The pressure reducing valve according to claim 1, wherein the valve body is provided with a first valve seat and a second valve seat, and the first valve seat is used to keep the first spool valve in place. The first position prevents the first spool valve from approaching the second spool valve; the second valve seat is used to keep the second spool valve in the second position and prevents the second spool valve Approach the first spool valve.
The pressure reducing valve according to claim 1, wherein the valve body is further provided with a suction hole, the outflow channel is communicated with the inner cavity through the suction hole, and the suction The hole is located between the outflow hole and the outlet of the outflow channel.

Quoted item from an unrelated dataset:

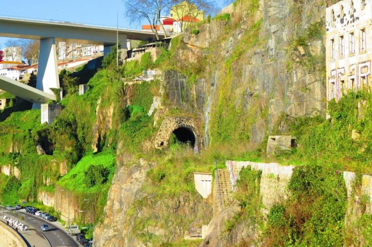 A desativada Linha da Alfândega e um dos seus túneis, na escarpa das Fontainhas – Foto: Pedro. N. Silva
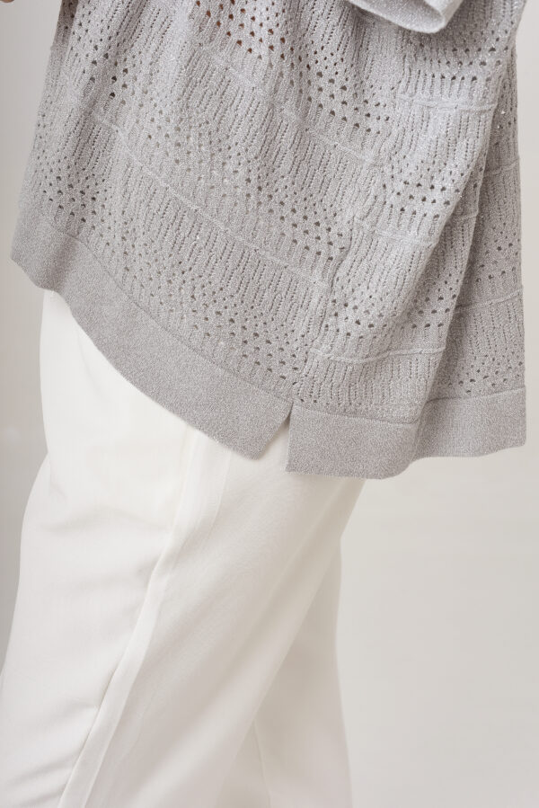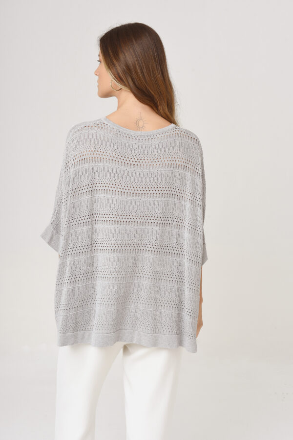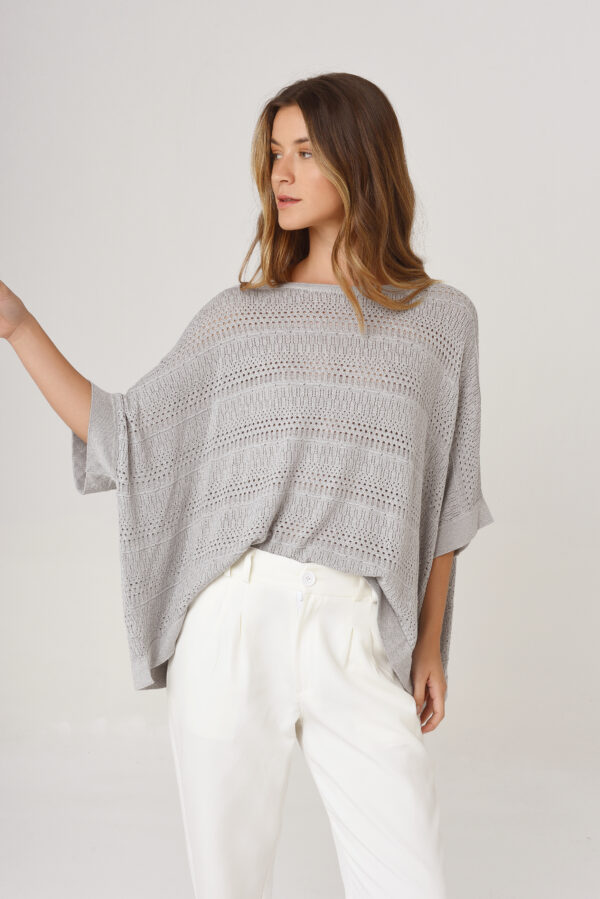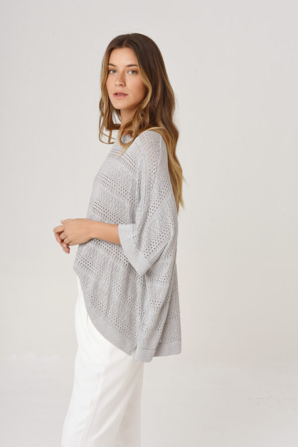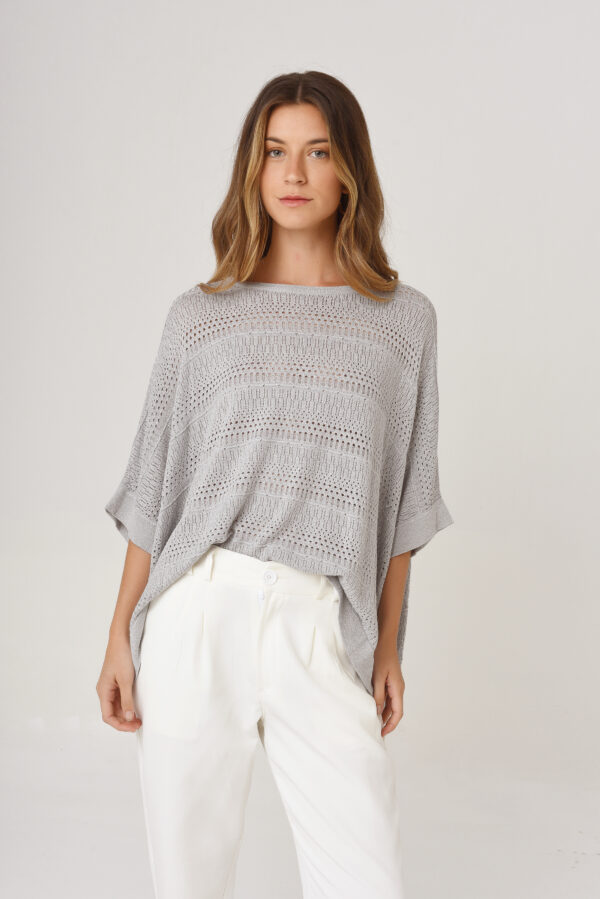 Sweater de hilo con lurex. Oversize manga al codo. Cuello redondo.

The pressure reducing valve according to claim 1, wherein the first spool valve is a piston or a diaphragm, and the second spool valve is a piston or a diaphragm.
The pressure reducing valve according to claim 11, wherein the first slide valve is a piston, and the piston has an inclined surface for causing the pouring solution to generate the first axial pressure on the piston .

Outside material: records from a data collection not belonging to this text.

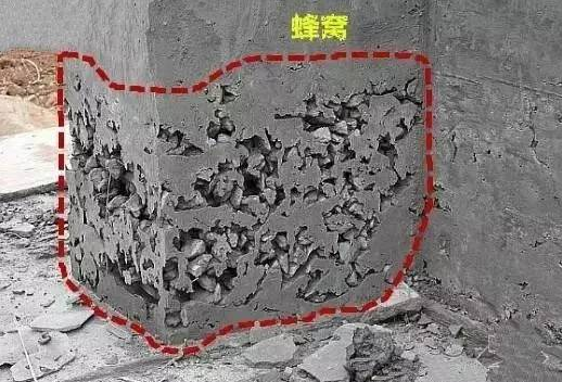 蜂窝有表面的、深井的和贯通的三种,也常遇到水平的、倾斜的、斜交的单独蜂窝和相连的蜂窝群,其表现为局部表面酥松,无水泥浆,粗骨料外露深度大于5mm(小于混凝土保护层厚度),石子间存在小于最大石子粒径的空隙,呈蜂窝状,有蜂窝处的混凝土强度很低。
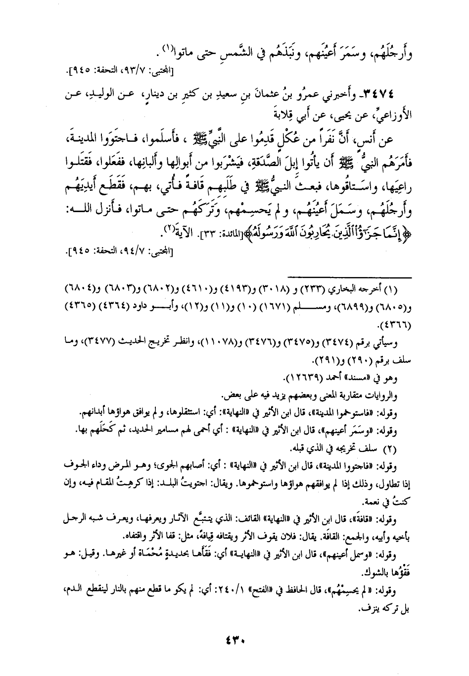 3474 - وَأَخْبَرَنِي عَمْرُو بْنُ عُثْمَانَ بْنِ سَعِيدِ بْنِ كَثِيرِ بْنِ دِينَارٍ، عَنِ الْوَلِيدِ، عَنِ الْأَوْزَاعِيِّ، عَنْ يَحْيَى، عَنْ أَبِي قِلَابَةَ، عَنْ أَنَسٍ، أَنَّ نَفَرًا، مِنْ عُكْلٍ قَدِمُوا عَلَى النَّبِيِّ صَلَّى اللهُ عَلَيْهِ وَسَلَّمَ فَأَسْلَمُوا فَاجْتَوَوُا الْمَدِينَةَ، فَأَمَرَهُمْ النَّبِيُّ صَلَّى اللهُ عَلَيْهِ وَسَلَّمَ أَنْ يَأْتُوا إِبِلَ الصَّدَقَةِ، فَيَشْرَبُوا مِنْ أَبْوَالِهَا وَأَلْبَانِهَا، فَفَعَلُوا فَقَتَلُوا رَاعِيَهَا وَاسْتَاقُوهَا، فَبَعَثَ النَّبِيُّ صَلَّى اللهُ عَلَيْهِ وَسَلَّمَ فِي طَلَبِهِمْ قَافَةً: «§فَأُتِيَ بِهِمْ، فَقَطَّعَ أَيْدِيَهُمْ وَأَرْجُلَهُمْ، وَسَمَلَ أَعْيُنَهُمْ، وَلَمْ يَحْسِمْهُمْ، وَتَرَكَهُمْ حَتَّى مَاتُوا»، فَأَنْزَلَ اللهُ: {إِنَّمَا جَزَاءُ الَّذِينَ يُحَارِبُونَ اللهَ وَرَسُولَهُ} [المائدة: 33] الْآيَةَ
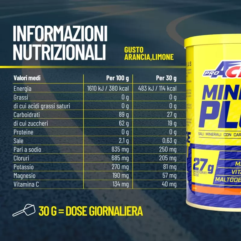 Además de magnesio, sodio y potasio, Proaction Mineral Plus contiene maltodextrinas, una fuente de carbohidratos que desarrollan menos la presión osmótica que los carbohidratos de peso molecular simple, igual a 1/5 en comparación con glucosio; Todo esto garantiza un rápido vaciado gástrico y, por lo tanto, una mayor velocidad de absorción de plasma.
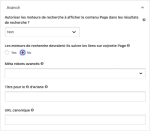 Parfois, il se peut que des pages soient créées dans WordPress uniquement dans le but de construire un permalien logique (ex : création d’une page parente « Services » pour que le permalien des services ressemble à « …/services/nom-du-service »). Dans ce cas, comme la page sera souvent vide, nous ne voudrons pas qu’elle soit répertoriée dans les moteurs de recherche. Nous voudrons donc désactiver l’indexation de cette page uniquement.
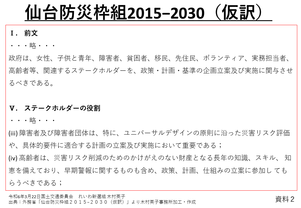 このように各自治体が防災会議に支援を要する当事者の参画を進めている背景には、資料2の、あるように、2015年の国連防災世界会議において取りまとめられた仙台防災枠組みの中で、防災について女性、障害者、高齢者などの当事者を政策、計画、基準の企画立案や実施に関与させるべきとして当事者の参画を促しているところにあります。

The pressure reducing valve according to claim 1, wherein the pressure reducing valve further comprises an outer flow hole and an annular groove, the number of the outer flow hole is more than the number of the outflow channel, the outer flow hole and the annular groove The outflow channel is communicated through the annular groove.
A vacuum irrigating needle, characterized by comprising an irrigating needle shaft and a pressure reducing valve, the pressure reducing valve is built in the end of the first end of the irrigating needle shaft, the first end of the irrigating needle shaft The two ends are connectable to the pouring solution input pipeline, the pressure reducing valve is the pressure reducing valve according to any one of claims 1-13, and the open end of the inflow channel is closer to the pouring needle shaft At the second end, the open end of the outflow channel is closer to the first end of the perfusion needle.
The vacuum infusion needle according to claim 14, wherein the pressure reducing valve and the infusion needle shaft adopt an interference fit or a threaded connection.
The vacuum infusion needle according to claim 14, wherein the first end of the infusion needle shaft is provided with a liquid outlet head.
The vacuum irrigation needle according to claim 16, wherein the liquid outlet head has a liquid outlet, the cross-sectional shape of the liquid outlet is square, rectangular or circular, and the side length of the square is in the range of 10mm-200mm, the length of the rectangle is 10mm-400mm, the width is 0.05mm-200mm, and the diameter of the circle is 10mm-200mm.
The vacuum irrigating needle according to claim 16, wherein the liquid outlet head and the irrigating needle shaft are detachably connected or integrally formed.
The vacuum irrigation needle according to claim 14, wherein the second end of the irrigation needle shaft is provided with an adapter, and the adapter is used to connect with the pouring solution input pipeline, and the adapter An interference fit or threaded connection is adopted between the joint and the irrigating needle rod.
The vacuum irrigating needle according to claim 19, wherein the adapter is a quick-plug connector or a threaded connector.